**Exercise requirements**
Your task is to transcribe exactly, and only, the lines running from the one with "Crossmedia.az xəbər verir" to the end of the listing below, inclusive, with every picture left out.

**Source data**
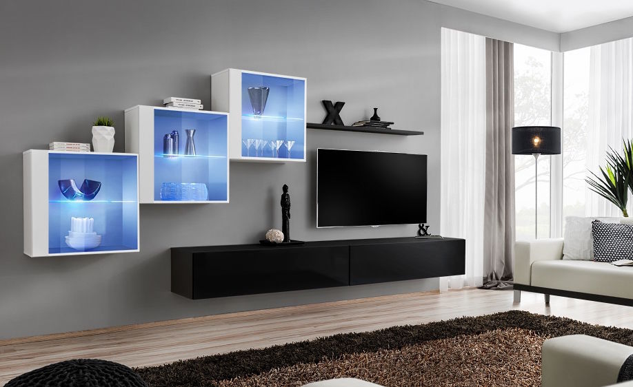 Televizijos stalo RTV 2: 120 x 30 x 40 cm Pakabinama lentyna PW 2: 120 x 2.2 x 20 cm Vitrina WW 3: 60 x 60 x 30 cm
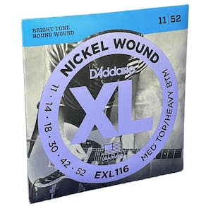 - Modelo Nickel Wound - EXL 116 - Tensão 11-52 - Média Top Heavy BTM - Contém 6 cordas Marca: Daddario Exl116
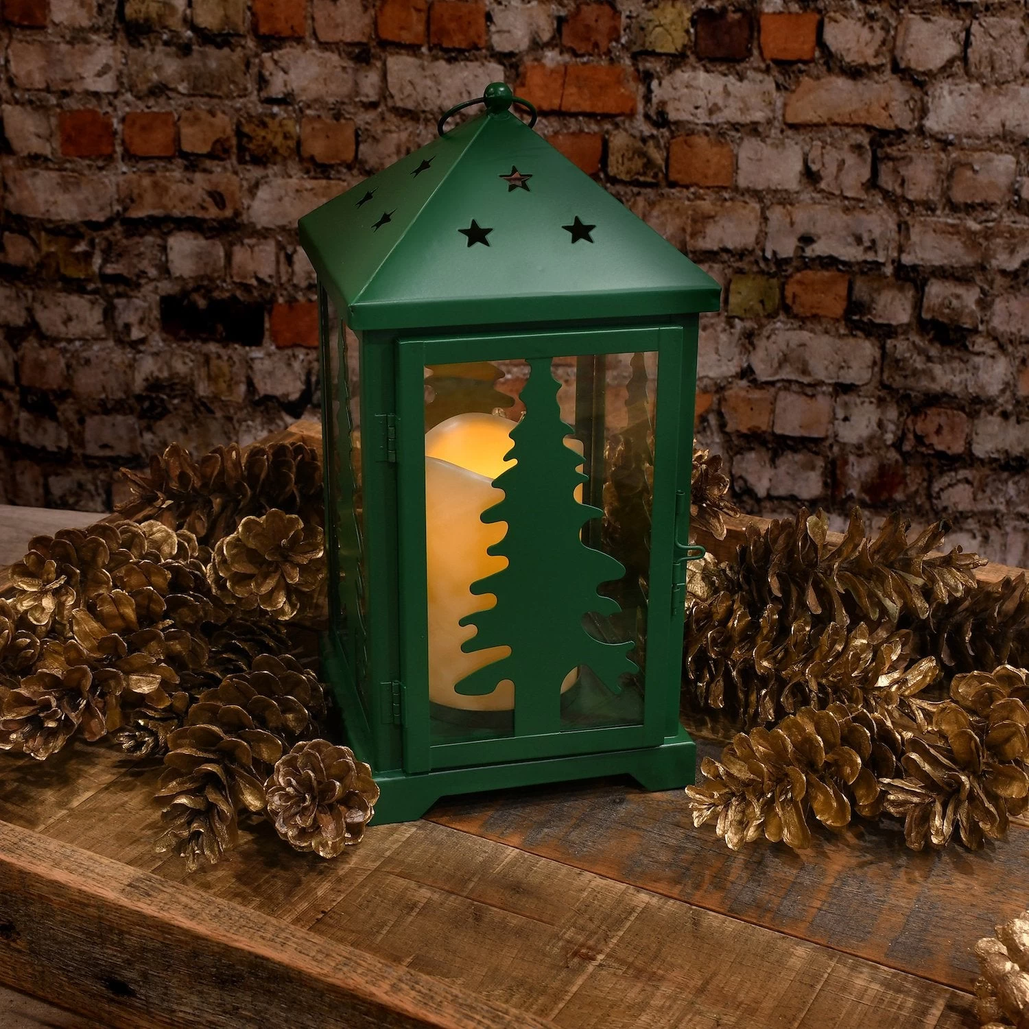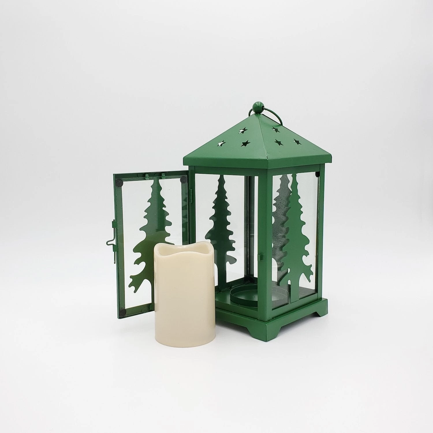 Create a beautiful atmosphere to your holiday decor with this green pine tree metal lantern and LED candle. The removable 4″ flameless candle provides a soft amber glow that illuminates through the crystal clear glass panels. The candle has a convenient timer incorporated 5 hours on 19 hours off.
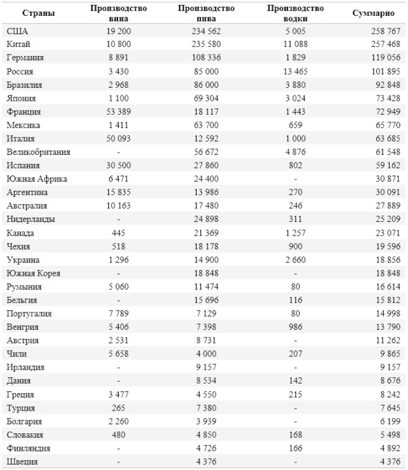 Основная доля этилового спирта в пищевой промышленности приходится на «алкогольные напитки». Вот некоторые данные по производству алкоголя в разных странах на 2004 г. (тыс. гекталитров7):
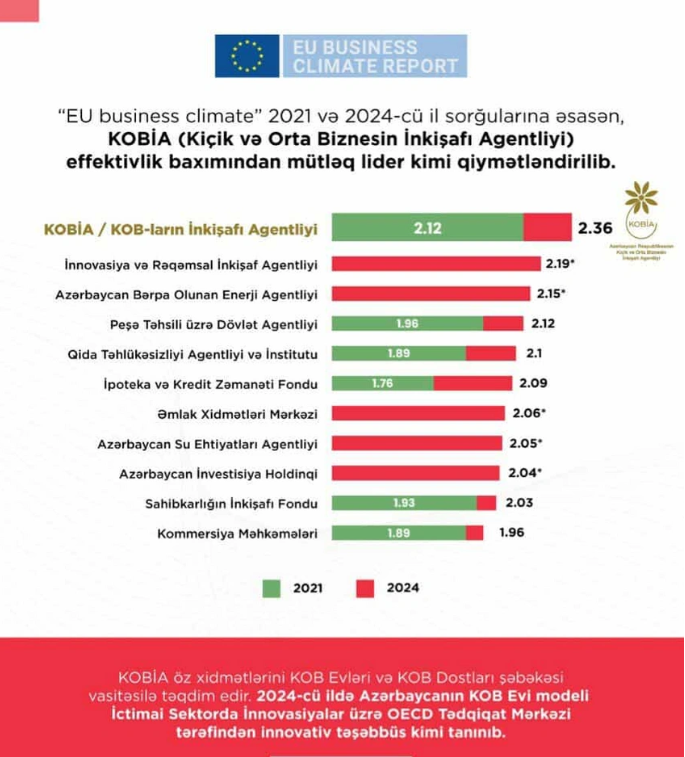 Crossmedia.az xəbər verir ki, Avropa şirkətlərinin yerli islahatlarda irəliləyişə dair baxışları haqqında sorğunun nəticələrinə əsasən İqtisadiyyat Nazirliyi yanında Kiçik və Orta Biznesin İnkişafı Agentliyi (KOBİA) üç ən effektiv dövlət qurumundan biri kimi qiymətləndirilib.
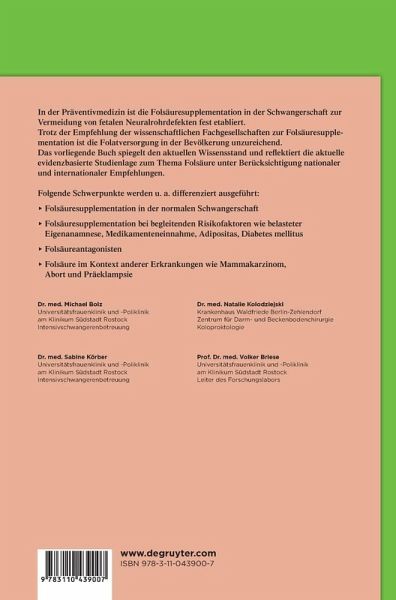 Das vorliegende Buch stellt den aktuellen Wissenstand dar. Darüberhinaus wird eine evidenzbasierte Stellungnahme zur Studienlage hinsichtlich Folsäuresupplementation unter Einbeziehung der aktuellen Leitlinien gegeben.
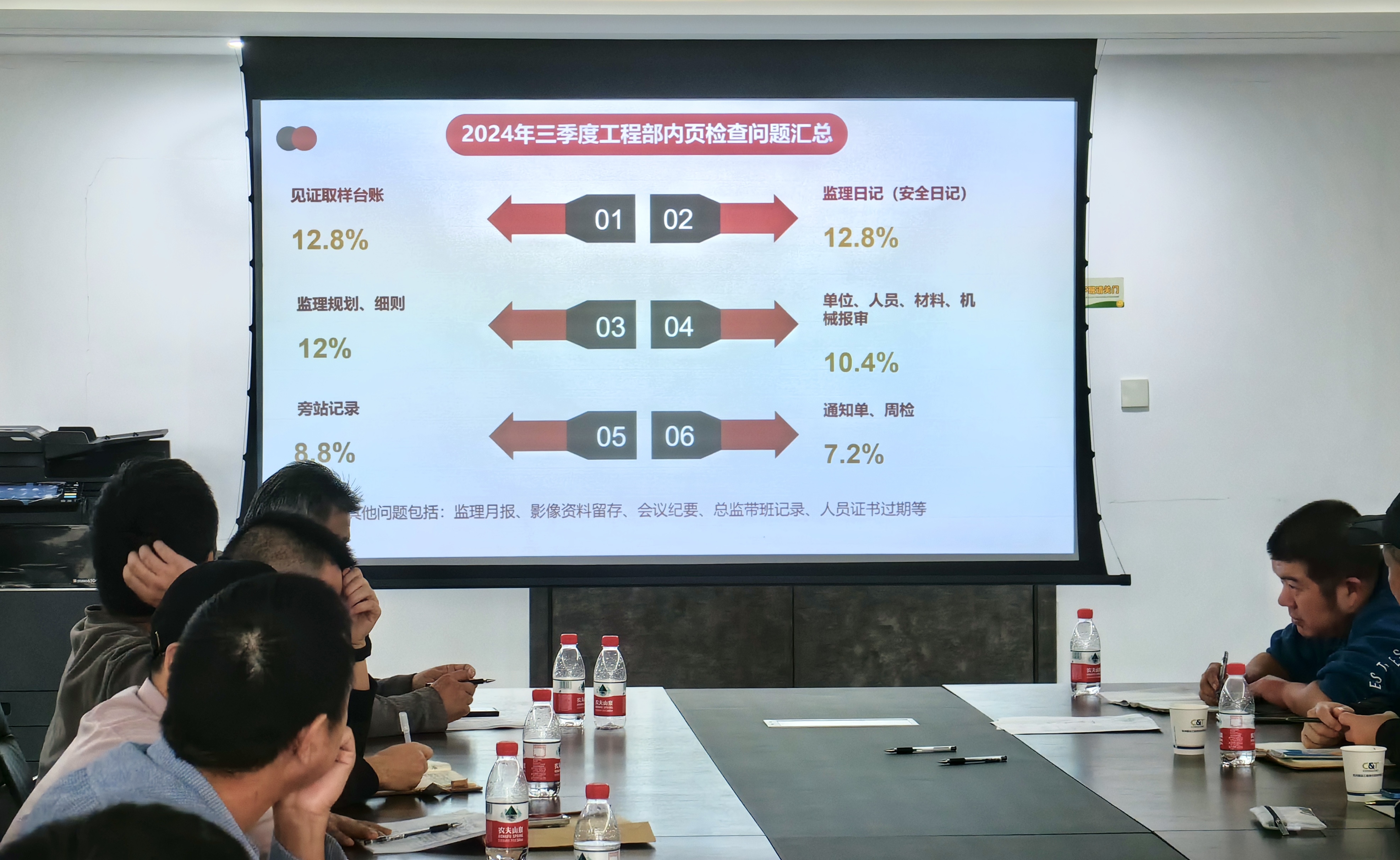 会议首先回顾了近期举行的大会和培训,由工程部汇报第三季度各项目巡查情况,指出了现场存在的一些质量、安全和资料问题。并且,工程部还对季度检查出现的问题进行了数据汇总计算,统计了重点问题发生百分比,提醒各项目未来应着重留意这些易出现异常的方面。除此之外,工程部还对下季度将要举行的培训或会议进行了梳理。
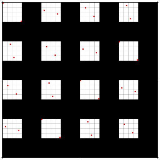 | Keywords: Walsh permutation 1 2 7 8 25 42 127.svg Permutation matrix of the Walsh permutation wp 1 2 7 8 25 42 127 1 2 7 8 25 42 127 is <big> </big> A001317 1 7 -1<big> </big>/2 The elements of this permutation are the even elements of wp 1 3 5 15 17 51 85 255 divided by 2 It is self-inverse so the matrix is symmetric Above that the matrix is also symmetric to the antidiagonal bin2svg own mate2code Permutation matrices of Walsh permutations | ||||
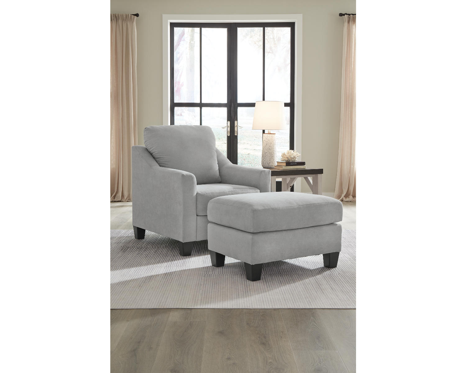 - Coordinated chair and ottoman in a versatile Shadow color for a cohesive look.
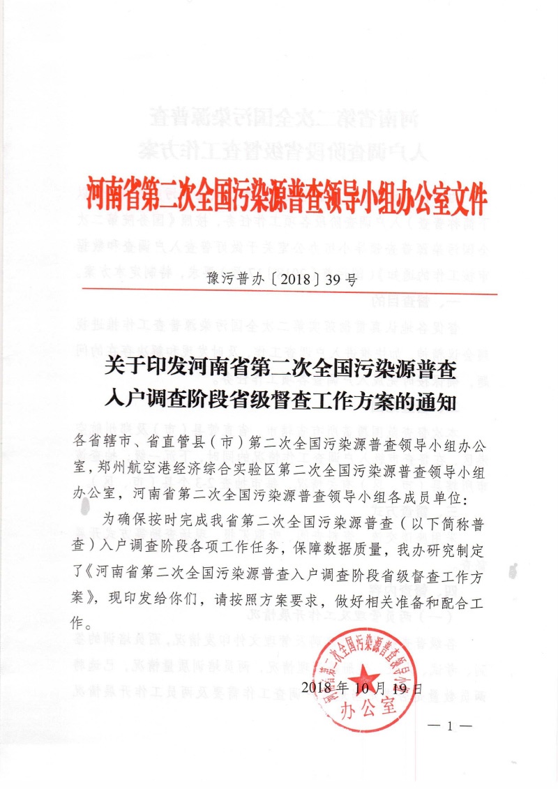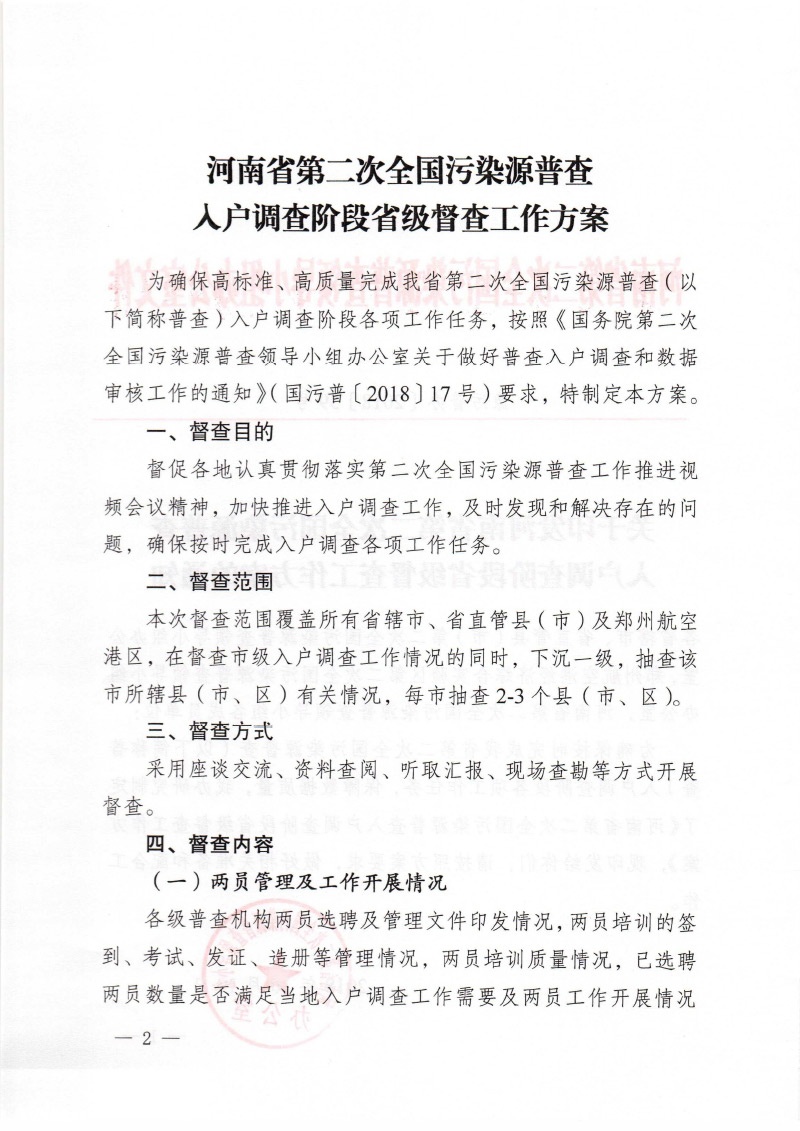 豫污普辦【2018】39號關于印發(fā)河南省第二次全國污染源普查入戶調查階段省級督查工作方案的通知

**Result for this task**
 Crossmedia.az xəbər verir ki, Avropa şirkətlərinin yerli islahatlarda irəliləyişə dair baxışları haqqında sorğunun nəticələrinə əsasən İqtisadiyyat Nazirliyi yanında Kiçik və Orta Biznesin İnkişafı Agentliyi (KOBİA) üç ən effektiv dövlət qurumundan biri kimi qiymətləndirilib.
 Das vorliegende Buch stellt den aktuellen Wissenstand dar. Darüberhinaus wird eine evidenzbasierte Stellungnahme zur Studienlage hinsichtlich Folsäuresupplementation unter Einbeziehung der aktuellen Leitlinien gegeben.
 会议首先回顾了近期举行的大会和培训,由工程部汇报第三季度各项目巡查情况,指出了现场存在的一些质量、安全和资料问题。并且,工程部还对季度检查出现的问题进行了数据汇总计算,统计了重点问题发生百分比,提醒各项目未来应着重留意这些易出现异常的方面。除此之外,工程部还对下季度将要举行的培训或会议进行了梳理。
 | Keywords: Walsh permutation 1 2 7 8 25 42 127.svg Permutation matrix of the Walsh permutation wp 1 2 7 8 25 42 127 1 2 7 8 25 42 127 is <big> </big> A001317 1 7 -1<big> </big>/2 The elements of this permutation are the even elements of wp 1 3 5 15 17 51 85 255 divided by 2 It is self-inverse so the matrix is symmetric Above that the matrix is also symmetric to the antidiagonal bin2svg own mate2code Permutation matrices of Walsh permutations | ||||
 - Coordinated chair and ottoman in a versatile Shadow color for a cohesive look.
 豫污普辦【2018】39號關于印發(fā)河南省第二次全國污染源普查入戶調查階段省級督查工作方案的通知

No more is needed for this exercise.